EC ruling on South Korean merger
The EU has stopped the merger of two of the world's leading shipyards; a move that's unlikely to stifle the boom in South Korean and Chinese specialist shipbuilding
The European Commission (EC), which enforces European Union (EU) legislation, has moved to prevent the acquisition of Daewoo Shipbuilding & Marine Engineering Co. Ltd (DSME) by Hyundai Heavy Industries Holdings (HHI) — two South Korean shipbuilders amongst the world’s three leading players in the construction of large liquefied natural gas (LNG) carriers.
According to the EC statement, the proposed merger was halted, following an in-depth two-year investigation, because it would have led to “the creation of a dominant position by the merged company, leading to a reduced choice of suppliers and, ultimately, higher prices for European energy consumers”.
DSME says it is considering a challenge to the intervention, while South Korea’s industry ministry says it “regrets” the EU’s position on a deal which, it points out, has already been cleared by China, Singapore and Kazakhstan. DSME has the state-owned Korea Development Bank (KDB) as its majority shareholder while HHI is privately owned. Both companies enjoy diverse industrial output, with a strong emphasis on producing a wide range of commercial vessels, along with marine engines and infrastructure used in the exploration, production and processing of offshore oil and gas.
Competitive supply chain
“Both of these companies are very strong players in the market for the construction of large vessels transporting LNG and only a handful of shipbuilders around the world are able to build these highly sophisticated vessels,” explained Margrethe Vestager, who is in overall charge of the European Union’s competition policy, when the merger’s halt was announced.
“The new entity would have become, by far, the largest player, with a global market share exceeding 60 per cent, and European customers would be left with few alternatives to the merged entity. Neither company submitted any formal remedies to offset the negative effects of the acquisition, so the merger could not be approved.
“Our decision means European carriers will continue to have sufficient options to procure large LNG vessels and this important part of the supply chain will remain competitive.”
Margrethe Vestager, Member of the EC in charge of Competition (Credit: European Union)
Far East success
Over the past five years, the worldwide market for the construction of large LNG carriers has reached a total of $45 billion, with EU customers accounting for almost half of all orders.
During 2021, South Korea's three major shipbuilders — DSME, Samsung Heavy Industries Co. and Korea Shipbuilding & Offshore Engineering Co. (KSOE) — received their largest number of orders in the last eight years, to a combined value of $46 billion and representing around one quarter of all the new orders for ships placed worldwide, according to data by market researcher Clarkson Research Service.

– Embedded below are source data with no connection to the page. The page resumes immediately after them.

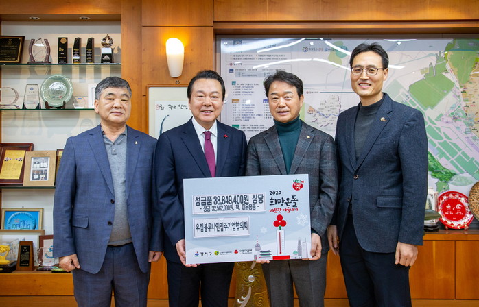서울 강서구는 15일 구청장실에서 우림블루나인입주기업협의회로부터 지역내 어려운 이웃을 위한 성금 3300만원과 600만원 상당의 성품을 기탁받았다. 사진은 노현송 구청장(왼쪽에서 두 번째)과 관계자들이 기념촬영을 하는 모습. (사진제공=강서구청)
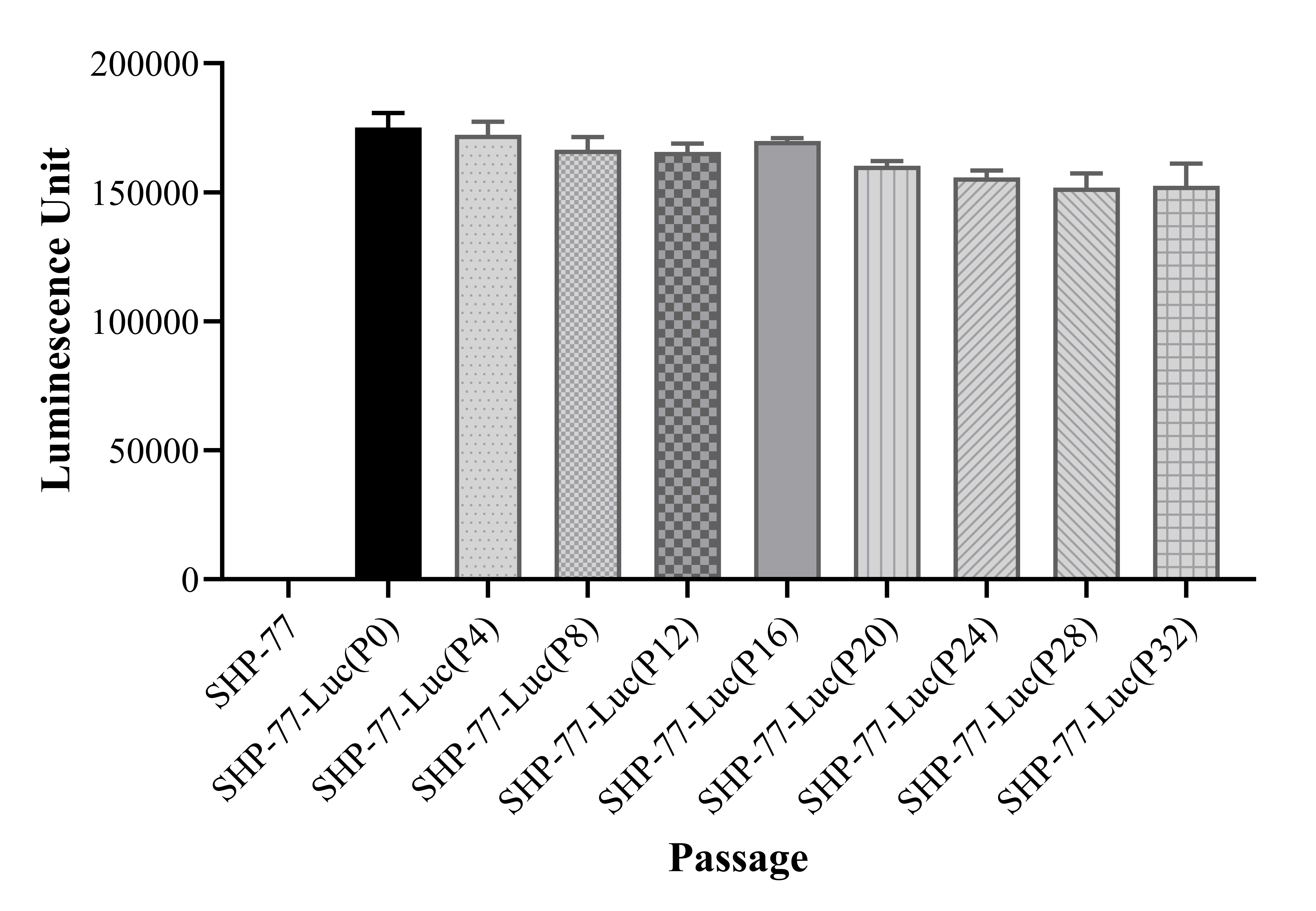 Figure 1. Stablity test results. SHP-77-Luc showed at least 32 passage stability with similar luminescence unit.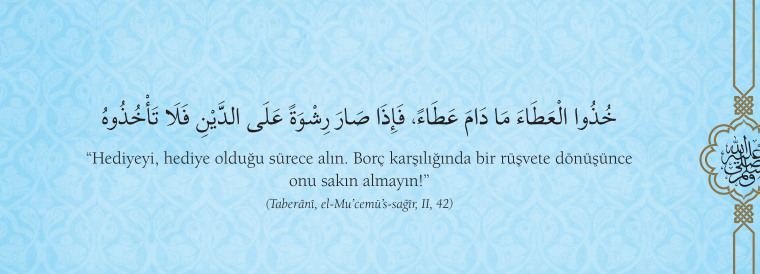 Hadisler, Helal Kazanç Helal Kazanç “Hediyeyi hediye olduğu sürece alın. Borç karşılığında rüşvete dönüşünce onu sakın almayın” (Taberani el-Mü cemü’s-sağir II 42)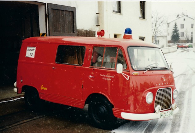 Das erste Fahrzeug der Feuerwehr Eitensheim war dieses TSF auf Ford Transit Fahrgestell. Es war von 1962 bis 1993 im Dienst, und leistete somit ganze 31 Jahre treuen Dienst bei der Feuerwehr Eitensheim.

It's a success that means South Korea is now only second to China in terms of shipbuilding orders received — thanks mainly to a steady rise in demand for its expertise in building eco-friendly ships which can cost up to 20 per cent more than conventional vessels to build.
Booming stock markets
The desire by HHI and DSME to join forces is typical of a current trend around the world that is seeing increased merger and acquisition (M&A) activity, fuelled by low borrowing costs and booming stock markets. Global M&A volumes reached a record $5.8 trillion for the first time ever, during 2021, comfortably eclipsing the previous record of $4.5 trillion set in 2007, according to data published by financial markets specialist, Dealogic.
Shipbuilding on the banks of the River Huangpu in Shanghai, China (Credit: Shutterstock)
Chinese streamlining
South Korea’s biggest maritime rival, China, has also started to sharpen its own commercial shipping focus with some bold recent streamlining and merger activity.
In October, the state-run China State Shipbuilding Corporation (CSSC) allowed its subsidiary Tianjin Xingang Shipbuilding Heavy Industry to go bankrupt with debts of around $2 billion.
The yard, which employs 1,700 workers, will terminate its contracts by the end of 2023, with any remaining production taken over by another state-owned group, Dalian Shipbuilding Industry, which is developing a carbon-neutral vessel that will run on ammonia.
CSSC has also begun a merger with the country’s second-largest shipbuilder — China Shipbuilding Industry — and is moving fast to improve coordination and innovation within the new group. Plans include transporting its headquarters from Beijing to Shanghai and the construction of a new cutting-edge 18 billion yuan ($3 billion) shipyard which will replace much of the harbour city’s older dockland facilities.
Shanghai itself is also on a clear upward maritime trajectory having just extended its lead as the world’s largest container port with state media reporting that the historic metropolis handled just over 47m containers during 2021 — an eight per cent increase over 2020.
It means Shanghai has now been the world’s largest container port for the past 12 years.
Dennis O’Neill is a freelance journalist specialising in maritime.